What this exercise requires is a verbatim reproduction of the data below.
--- Dataset records ---
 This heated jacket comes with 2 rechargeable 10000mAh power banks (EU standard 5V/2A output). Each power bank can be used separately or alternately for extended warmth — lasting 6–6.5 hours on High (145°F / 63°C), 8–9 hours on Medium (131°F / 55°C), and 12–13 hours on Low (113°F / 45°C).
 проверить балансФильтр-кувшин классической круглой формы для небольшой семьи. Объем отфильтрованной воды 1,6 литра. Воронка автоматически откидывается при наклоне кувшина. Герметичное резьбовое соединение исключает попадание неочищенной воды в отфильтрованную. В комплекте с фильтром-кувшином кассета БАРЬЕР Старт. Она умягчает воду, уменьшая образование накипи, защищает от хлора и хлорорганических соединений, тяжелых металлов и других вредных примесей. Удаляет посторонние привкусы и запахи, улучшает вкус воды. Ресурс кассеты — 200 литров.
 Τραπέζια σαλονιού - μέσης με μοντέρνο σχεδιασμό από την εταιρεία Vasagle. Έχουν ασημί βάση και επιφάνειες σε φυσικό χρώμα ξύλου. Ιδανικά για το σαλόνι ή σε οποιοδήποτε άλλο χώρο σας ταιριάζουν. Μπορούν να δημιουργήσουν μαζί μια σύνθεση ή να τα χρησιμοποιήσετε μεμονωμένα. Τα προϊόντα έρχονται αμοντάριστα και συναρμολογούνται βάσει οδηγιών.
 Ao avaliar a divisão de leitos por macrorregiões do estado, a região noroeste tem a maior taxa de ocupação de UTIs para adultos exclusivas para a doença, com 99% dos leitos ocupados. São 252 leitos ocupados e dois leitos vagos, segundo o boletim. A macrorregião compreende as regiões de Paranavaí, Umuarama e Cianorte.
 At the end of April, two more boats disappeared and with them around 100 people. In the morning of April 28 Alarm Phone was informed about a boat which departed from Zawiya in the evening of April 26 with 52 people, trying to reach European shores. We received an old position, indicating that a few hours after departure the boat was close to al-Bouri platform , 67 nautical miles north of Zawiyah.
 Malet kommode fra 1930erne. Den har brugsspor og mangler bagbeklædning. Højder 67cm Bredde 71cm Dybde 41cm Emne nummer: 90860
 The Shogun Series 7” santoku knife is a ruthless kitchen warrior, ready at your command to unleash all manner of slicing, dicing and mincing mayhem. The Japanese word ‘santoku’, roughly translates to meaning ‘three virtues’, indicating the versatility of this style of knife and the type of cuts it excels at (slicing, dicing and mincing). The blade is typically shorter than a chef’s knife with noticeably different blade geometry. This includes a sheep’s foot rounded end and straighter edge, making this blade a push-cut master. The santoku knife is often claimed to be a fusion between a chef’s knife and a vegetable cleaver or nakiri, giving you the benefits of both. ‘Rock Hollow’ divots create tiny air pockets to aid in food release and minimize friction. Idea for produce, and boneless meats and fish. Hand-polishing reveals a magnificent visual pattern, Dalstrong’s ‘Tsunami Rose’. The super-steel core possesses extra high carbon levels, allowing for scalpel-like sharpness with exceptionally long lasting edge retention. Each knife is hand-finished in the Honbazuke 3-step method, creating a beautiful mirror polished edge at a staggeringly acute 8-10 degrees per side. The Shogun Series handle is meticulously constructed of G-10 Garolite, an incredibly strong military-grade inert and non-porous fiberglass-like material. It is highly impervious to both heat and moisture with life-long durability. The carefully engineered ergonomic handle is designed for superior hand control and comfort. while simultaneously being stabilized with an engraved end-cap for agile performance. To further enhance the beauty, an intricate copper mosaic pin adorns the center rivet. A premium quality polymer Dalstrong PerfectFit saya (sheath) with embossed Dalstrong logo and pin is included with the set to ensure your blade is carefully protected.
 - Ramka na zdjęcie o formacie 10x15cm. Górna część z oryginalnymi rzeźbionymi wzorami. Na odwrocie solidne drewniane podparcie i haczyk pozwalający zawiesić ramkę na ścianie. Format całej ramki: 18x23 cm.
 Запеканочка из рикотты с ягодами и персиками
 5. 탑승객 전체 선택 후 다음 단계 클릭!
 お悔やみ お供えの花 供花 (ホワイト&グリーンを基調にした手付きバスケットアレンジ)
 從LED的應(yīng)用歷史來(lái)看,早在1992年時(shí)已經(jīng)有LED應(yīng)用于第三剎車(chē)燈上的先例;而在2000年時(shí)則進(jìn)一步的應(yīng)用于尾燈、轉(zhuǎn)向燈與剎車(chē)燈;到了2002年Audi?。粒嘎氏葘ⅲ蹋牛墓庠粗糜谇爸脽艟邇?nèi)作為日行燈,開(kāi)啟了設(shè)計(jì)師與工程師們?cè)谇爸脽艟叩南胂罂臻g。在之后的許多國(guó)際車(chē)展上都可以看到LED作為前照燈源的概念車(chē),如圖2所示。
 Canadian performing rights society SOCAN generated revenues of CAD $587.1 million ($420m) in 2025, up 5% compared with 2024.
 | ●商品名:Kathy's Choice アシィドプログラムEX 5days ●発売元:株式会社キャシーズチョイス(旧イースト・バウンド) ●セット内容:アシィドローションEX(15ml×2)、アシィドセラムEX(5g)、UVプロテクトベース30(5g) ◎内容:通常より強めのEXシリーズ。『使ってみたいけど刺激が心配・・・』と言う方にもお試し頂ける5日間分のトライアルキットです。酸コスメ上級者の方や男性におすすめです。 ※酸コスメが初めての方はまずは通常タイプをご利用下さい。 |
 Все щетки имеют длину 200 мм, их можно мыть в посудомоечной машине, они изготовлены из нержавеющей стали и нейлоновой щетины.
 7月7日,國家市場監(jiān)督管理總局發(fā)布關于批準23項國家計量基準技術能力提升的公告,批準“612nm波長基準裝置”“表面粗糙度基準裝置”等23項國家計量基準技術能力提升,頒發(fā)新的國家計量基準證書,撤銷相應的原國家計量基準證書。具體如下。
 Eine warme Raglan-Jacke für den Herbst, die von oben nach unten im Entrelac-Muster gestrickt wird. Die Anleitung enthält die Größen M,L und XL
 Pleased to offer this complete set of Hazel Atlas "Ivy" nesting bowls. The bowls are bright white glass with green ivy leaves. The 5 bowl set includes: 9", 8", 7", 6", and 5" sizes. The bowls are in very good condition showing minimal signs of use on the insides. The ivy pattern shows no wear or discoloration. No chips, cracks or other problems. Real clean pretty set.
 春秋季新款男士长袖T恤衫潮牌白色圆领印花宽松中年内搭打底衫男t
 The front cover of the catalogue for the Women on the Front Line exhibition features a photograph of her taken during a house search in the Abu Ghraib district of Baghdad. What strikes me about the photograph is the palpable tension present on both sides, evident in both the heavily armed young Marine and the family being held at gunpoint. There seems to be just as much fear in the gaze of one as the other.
---
**Reply to the task**.
 This heated jacket comes with 2 rechargeable 10000mAh power banks (EU standard 5V/2A output). Each power bank can be used separately or alternately for extended warmth — lasting 6–6.5 hours on High (145°F / 63°C), 8–9 hours on Medium (131°F / 55°C), and 12–13 hours on Low (113°F / 45°C).
 проверить балансФильтр-кувшин классической круглой формы для небольшой семьи. Объем отфильтрованной воды 1,6 литра. Воронка автоматически откидывается при наклоне кувшина. Герметичное резьбовое соединение исключает попадание неочищенной воды в отфильтрованную. В комплекте с фильтром-кувшином кассета БАРЬЕР Старт. Она умягчает воду, уменьшая образование накипи, защищает от хлора и хлорорганических соединений, тяжелых металлов и других вредных примесей. Удаляет посторонние привкусы и запахи, улучшает вкус воды. Ресурс кассеты — 200 литров.
 Τραπέζια σαλονιού - μέσης με μοντέρνο σχεδιασμό από την εταιρεία Vasagle. Έχουν ασημί βάση και επιφάνειες σε φυσικό χρώμα ξύλου. Ιδανικά για το σαλόνι ή σε οποιοδήποτε άλλο χώρο σας ταιριάζουν. Μπορούν να δημιουργήσουν μαζί μια σύνθεση ή να τα χρησιμοποιήσετε μεμονωμένα. Τα προϊόντα έρχονται αμοντάριστα και συναρμολογούνται βάσει οδηγιών.
 Ao avaliar a divisão de leitos por macrorregiões do estado, a região noroeste tem a maior taxa de ocupação de UTIs para adultos exclusivas para a doença, com 99% dos leitos ocupados. São 252 leitos ocupados e dois leitos vagos, segundo o boletim. A macrorregião compreende as regiões de Paranavaí, Umuarama e Cianorte.
 At the end of April, two more boats disappeared and with them around 100 people. In the morning of April 28 Alarm Phone was informed about a boat which departed from Zawiya in the evening of April 26 with 52 people, trying to reach European shores. We received an old position, indicating that a few hours after departure the boat was close to al-Bouri platform , 67 nautical miles north of Zawiyah.
 Malet kommode fra 1930erne. Den har brugsspor og mangler bagbeklædning. Højder 67cm Bredde 71cm Dybde 41cm Emne nummer: 90860
 The Shogun Series 7” santoku knife is a ruthless kitchen warrior, ready at your command to unleash all manner of slicing, dicing and mincing mayhem. The Japanese word ‘santoku’, roughly translates to meaning ‘three virtues’, indicating the versatility of this style of knife and the type of cuts it excels at (slicing, dicing and mincing). The blade is typically shorter than a chef’s knife with noticeably different blade geometry. This includes a sheep’s foot rounded end and straighter edge, making this blade a push-cut master. The santoku knife is often claimed to be a fusion between a chef’s knife and a vegetable cleaver or nakiri, giving you the benefits of both. ‘Rock Hollow’ divots create tiny air pockets to aid in food release and minimize friction. Idea for produce, and boneless meats and fish. Hand-polishing reveals a magnificent visual pattern, Dalstrong’s ‘Tsunami Rose’. The super-steel core possesses extra high carbon levels, allowing for scalpel-like sharpness with exceptionally long lasting edge retention. Each knife is hand-finished in the Honbazuke 3-step method, creating a beautiful mirror polished edge at a staggeringly acute 8-10 degrees per side. The Shogun Series handle is meticulously constructed of G-10 Garolite, an incredibly strong military-grade inert and non-porous fiberglass-like material. It is highly impervious to both heat and moisture with life-long durability. The carefully engineered ergonomic handle is designed for superior hand control and comfort. while simultaneously being stabilized with an engraved end-cap for agile performance. To further enhance the beauty, an intricate copper mosaic pin adorns the center rivet. A premium quality polymer Dalstrong PerfectFit saya (sheath) with embossed Dalstrong logo and pin is included with the set to ensure your blade is carefully protected.
 - Ramka na zdjęcie o formacie 10x15cm. Górna część z oryginalnymi rzeźbionymi wzorami. Na odwrocie solidne drewniane podparcie i haczyk pozwalający zawiesić ramkę na ścianie. Format całej ramki: 18x23 cm.
 Запеканочка из рикотты с ягодами и персиками
 5. 탑승객 전체 선택 후 다음 단계 클릭!
 お悔やみ お供えの花 供花 (ホワイト&グリーンを基調にした手付きバスケットアレンジ)
 從LED的應(yīng)用歷史來(lái)看,早在1992年時(shí)已經(jīng)有LED應(yīng)用于第三剎車(chē)燈上的先例;而在2000年時(shí)則進(jìn)一步的應(yīng)用于尾燈、轉(zhuǎn)向燈與剎車(chē)燈;到了2002年Audi?。粒嘎氏葘ⅲ蹋牛墓庠粗糜谇爸脽艟邇?nèi)作為日行燈,開(kāi)啟了設(shè)計(jì)師與工程師們?cè)谇爸脽艟叩南胂罂臻g。在之后的許多國(guó)際車(chē)展上都可以看到LED作為前照燈源的概念車(chē),如圖2所示。
 Canadian performing rights society SOCAN generated revenues of CAD $587.1 million ($420m) in 2025, up 5% compared with 2024.
 | ●商品名:Kathy's Choice アシィドプログラムEX 5days ●発売元:株式会社キャシーズチョイス(旧イースト・バウンド) ●セット内容:アシィドローションEX(15ml×2)、アシィドセラムEX(5g)、UVプロテクトベース30(5g) ◎内容:通常より強めのEXシリーズ。『使ってみたいけど刺激が心配・・・』と言う方にもお試し頂ける5日間分のトライアルキットです。酸コスメ上級者の方や男性におすすめです。 ※酸コスメが初めての方はまずは通常タイプをご利用下さい。 |
 Все щетки имеют длину 200 мм, их можно мыть в посудомоечной машине, они изготовлены из нержавеющей стали и нейлоновой щетины.
 7月7日,國家市場監(jiān)督管理總局發(fā)布關于批準23項國家計量基準技術能力提升的公告,批準“612nm波長基準裝置”“表面粗糙度基準裝置”等23項國家計量基準技術能力提升,頒發(fā)新的國家計量基準證書,撤銷相應的原國家計量基準證書。具體如下。
 Eine warme Raglan-Jacke für den Herbst, die von oben nach unten im Entrelac-Muster gestrickt wird. Die Anleitung enthält die Größen M,L und XL
 Pleased to offer this complete set of Hazel Atlas "Ivy" nesting bowls. The bowls are bright white glass with green ivy leaves. The 5 bowl set includes: 9", 8", 7", 6", and 5" sizes. The bowls are in very good condition showing minimal signs of use on the insides. The ivy pattern shows no wear or discoloration. No chips, cracks or other problems. Real clean pretty set.
 春秋季新款男士长袖T恤衫潮牌白色圆领印花宽松中年内搭打底衫男t
 The front cover of the catalogue for the Women on the Front Line exhibition features a photograph of her taken during a house search in the Abu Ghraib district of Baghdad. What strikes me about the photograph is the palpable tension present on both sides, evident in both the heavily armed young Marine and the family being held at gunpoint. There seems to be just as much fear in the gaze of one as the other.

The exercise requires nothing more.